Después del pequeño incidente pasaron
días antes de regresar a aquella apiladora de libros, graciosamente regresé a
la sección infantil, pasando nerviosamente por la sección del mencionado libro,
tratando de olvidar el incidente envolviéndome en el mundo de El
Principito y la irreverente Mafalda.
La utilidad de contar esta experiencia,
es hacer saber que pese a la afinidad que puede tener esta historia con otras
historias de lectores; la experiencia de un lector, siempre parece ser
diferente de la niñez común.
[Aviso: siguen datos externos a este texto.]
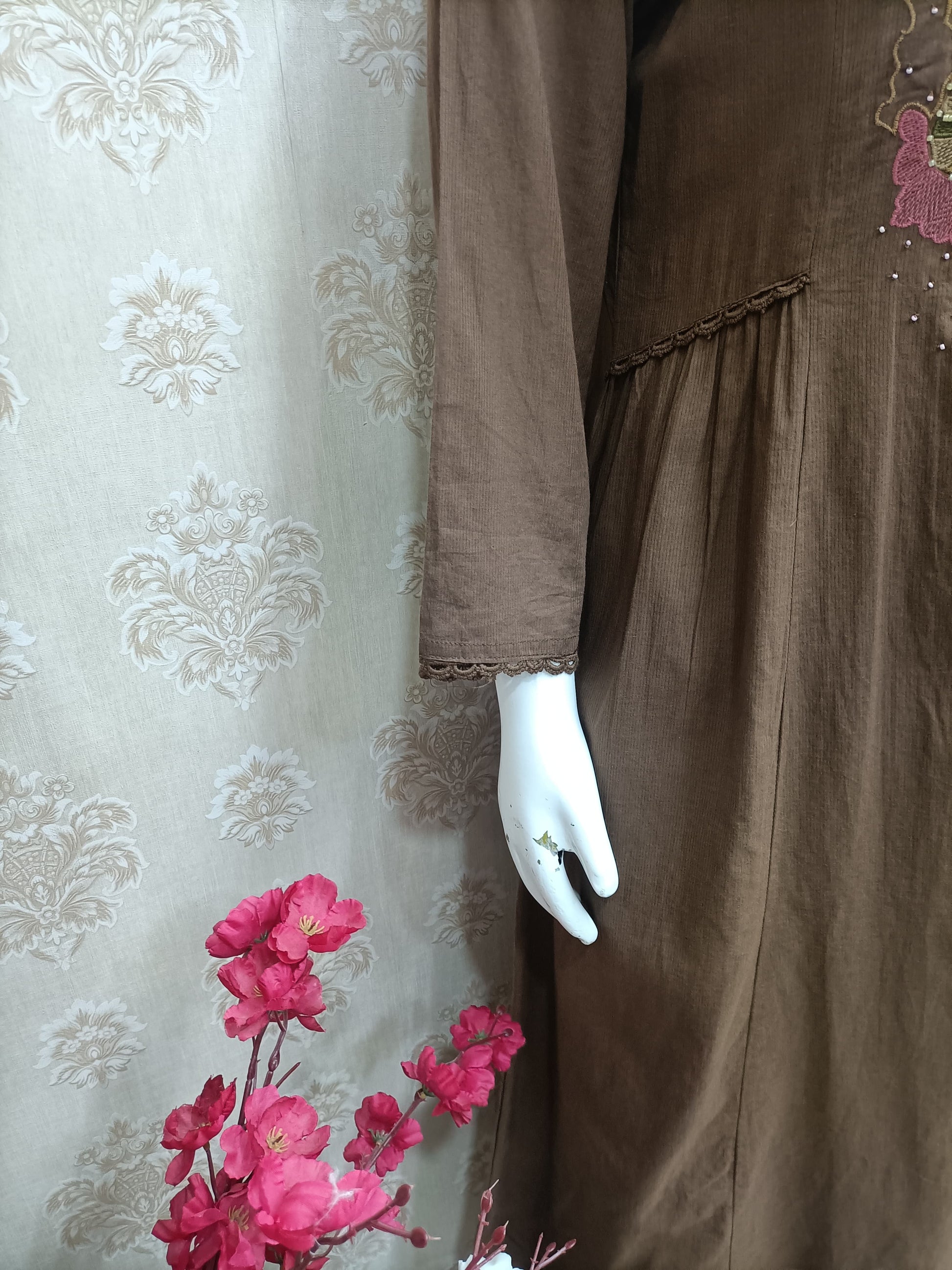 Step into effortless grace with our stunning Earth Brown Embroidered Kurta Set. Crafted from a comfortable cotton blend fabric, this elegant outfit is a perfect blend of traditional handwork and contemporary style. The rich, earthy brown color offers a sophisticated look, ideal for both festive occasions and chic daily wear.
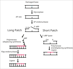 The first step in base-excision repair is the excision of modified nucleotide. Enzymes called DNA glycosylases, each has its own ability to recognize certain type of modified bases, cleave the bond between the 1'-carbon of the deoxyribose sugar and the base and remove the base. Then enzyme called apurinic or apyrimidinic (AP) endonuclease breaks the phosphodiester bond and another enzyme removes the deoxyribose sugar. DNA polymerase comes and adds the correct nucleotide to a free 3'OH group. Finally, DNA ligase connects the DNA strand by forming phosphodiester bond.
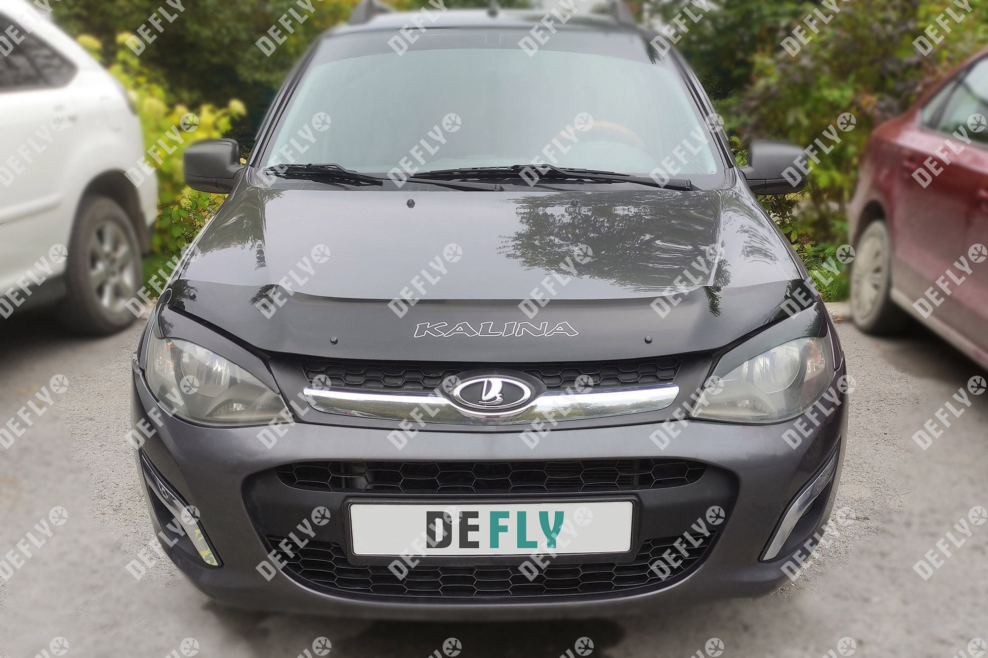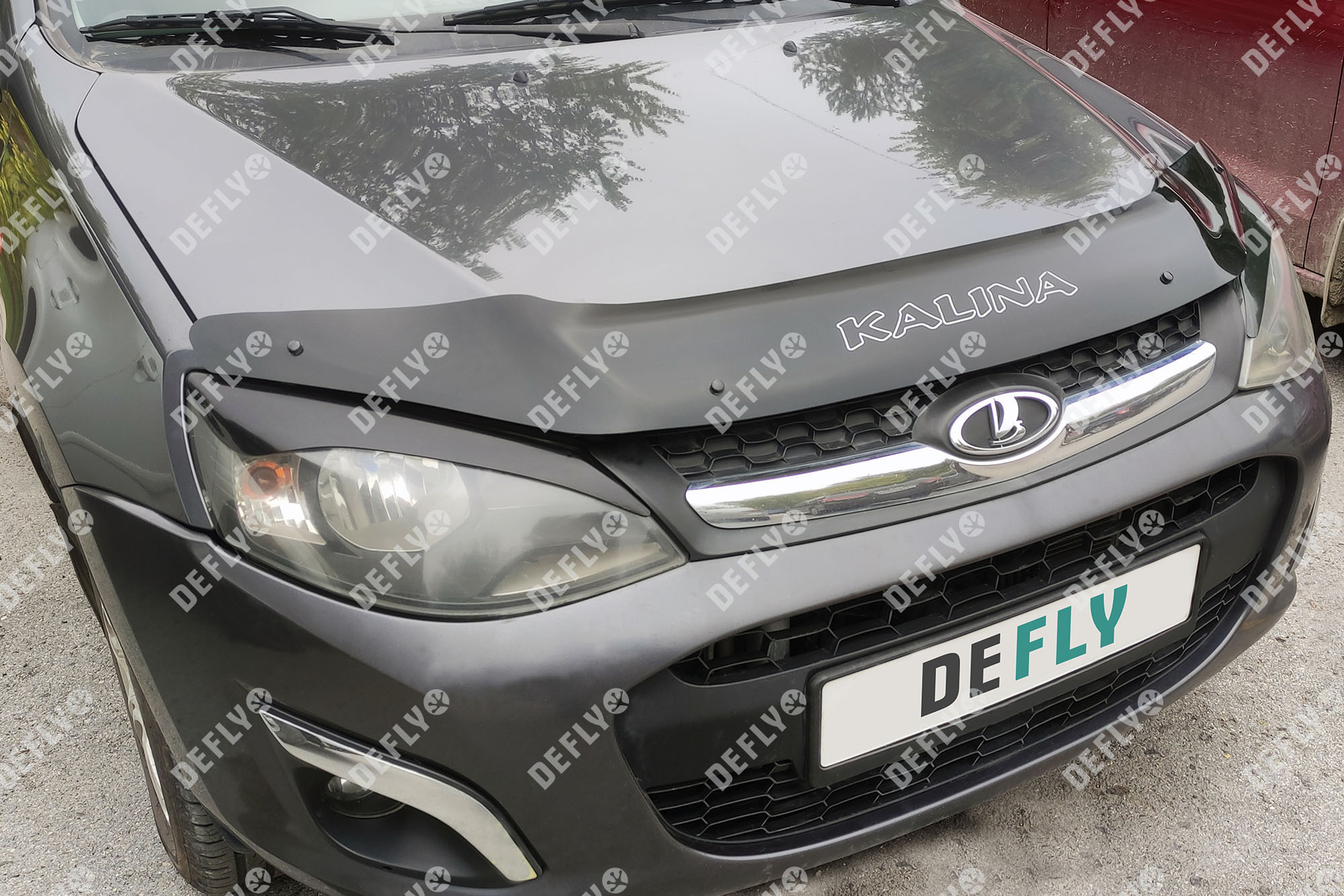Дефлектор капота Лада Калина 2, 2013-2018, еврокрепеж

Es sabido y escuchado repetidamente — tanto que
raya en el cliché — que México no es un país de
lectores. Uno podría suponer montones de cosas del porque en México la cultura
de la lectura no ha florecido como en otras sociedades, pero ¿Qué tanto tiene
que ver el contexto con esto? Y de esto encuentro las siguientes cifras:
“…México,
país que con sus 100 millones de habitantes apenas cuenta con 500 librerías,
entre ellas muchas que no son sino establecimientos muy pequeños pero que por
vender preferentemente libros merecen el nombre de librerías, aunque bien
podrían denominarse quioscos, puesto que su facturación es francamente ínfima.
Esas 500
librerías mexicanas, en un país con una superficie de casi 2 millones de
kilómetros cuadrados, es el número de librerías con el que cuenta, nada más, la
ciudad de Barcelona, en España. Esas 500 alcanzan en México para brindar una
cobertura muy escasa: una librería por cada 194 000 habitantes; una librería
por cada 4 000 kilómetros cuadrados…” (Argüelles, 2003, pág.